All-cause and CLI-related healthcare resource utilization
During the 12-month post-index period, the median number of all-cause inpatient visits was 1 (IQR, 0–3), with a median length of stay (LOS) of 7 days (IQR, 3–16) among admitted patients. The median number of all-cause acute inpatient visits was 1 (IQR, 0–2). At the median, patients had 23 (IQR, 11–46) all-cause outpatient visits and 0 (IQR, 0–2) ED visits. The median number of CLI-associated inpatient visits was 0 (IQR, 0–0) with a median LOS of 5 days (IQR, 2–9) among admitted patients. The median number of CLI-associated acute inpatient visits was 0 (IQR, 0–0). The median number of CLI-related outpatient and ED visits were 0 (IQR, 0–1) and 0 (IQR, 0–0), respectively.

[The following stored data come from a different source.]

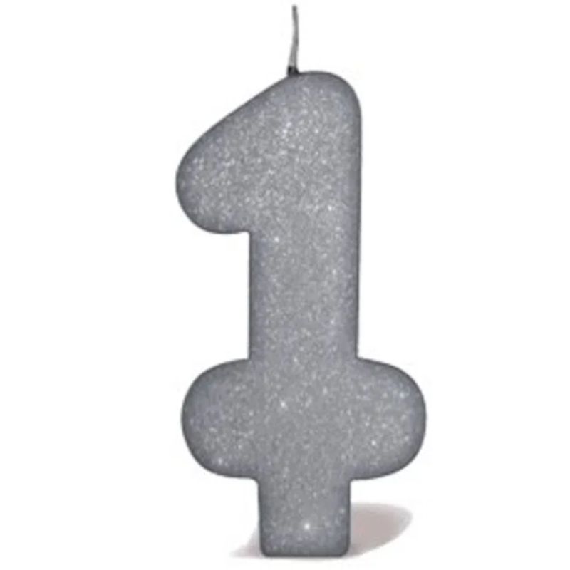 VELA DE ANIVERSARIO PRATEADA GLITTER - NÚMERO 1 - 01 UNIDADE - SILVER FESTAS - LOJA DO ABENÇOADO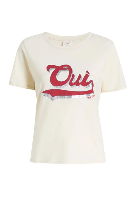 Cinq à Sept Vintage Oui Mon Amour Shrunken Tee - Gardenia Multi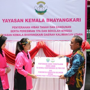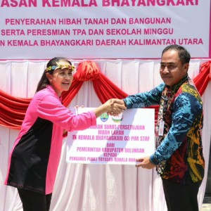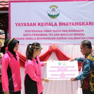 Dalam rangka kunjungan Ketua Pembina YKB Ny.Juliati Sigit Prabowo ke PYKB Daerah Kaltara, telah dilaksanakan Penyerahan Hibah Tanah dan Bangunan untuk TK Kemala Bhayangkari 03 Tanjung Selor dari Pemerintah Kabupaten Bulungan yang diterima langsung oleh Ketua Pembina YKB Ny.Juliati Sigit Prabowo didampingi Ketua Pengurus Pusat YKB Ny.Diana Ahmad Dofiri, Kapolda Kaltara Irjen. Pol. Jonathan Hary Sudwijanto, S.IK., M.Si. dan Ketua PYKBD Kaltara Ny.Dion Hary Sudwijanto.

Approximately 60% of patients had at least one all-cause inpatient visit and 53.6% had at least one all-cause acute inpatient visit during the post-index period. Almost all patients had two or more all-cause outpatient visits and 44.1% had at least one all-cause ED visit during the post-index period (Fig. 2). CLI-related inpatient visits and acute inpatient visits during the post-index interval were reported for 14.6% and 13.7% of patients, respectively, with at least one CLI-related outpatient visit documented for approximately 32% of patients. One or more CLI-related ED visits was reported for less than 1% of patients during the post-index period (Supplemental Fig. 1).
Fig. 2.
Annual all-cause healthcare resource utilization during the 12-month post-index period
All-cause and CLI-related healthcare costs
The median annual all-cause healthcare costs per patient for the post-index period was $30,514 (IQR, 11,542–74,573), with all inpatient services accounting for the highest costs at $27,296 (IQR, 9,139–65,929) followed by acute inpatient services ($26,426; IQR, 9,321–62,210) and outpatient services ($9,946; IQR, 4,385-22,487) among patients with at least one associated visit. Pharmacy costs and ED visits contributed lesser amounts to the median annual all-cause expenditures per patient (Fig. 3).
Fig. 3.
Total annual all-cause healthcare costs during the 12-month post-index period (median $PPPY among patients with at least 1 associated visit). Abbreviation: PPPY per patient per year; ED emergency department
Evaluation of the median annual CLI-related costs per patient during the post-index interval revealed total healthcare costs of $2,196 (IQR, 596–7,691), with all inpatient services accounting for $27,296 (IQR, 9,139–65,929) and $26,426 (IQR, 9,321–62,210) for acute inpatient care among patients with at least one associated visit. Costs for outpatient services and pharmacy were substantially lower (Supplemental Fig. 2).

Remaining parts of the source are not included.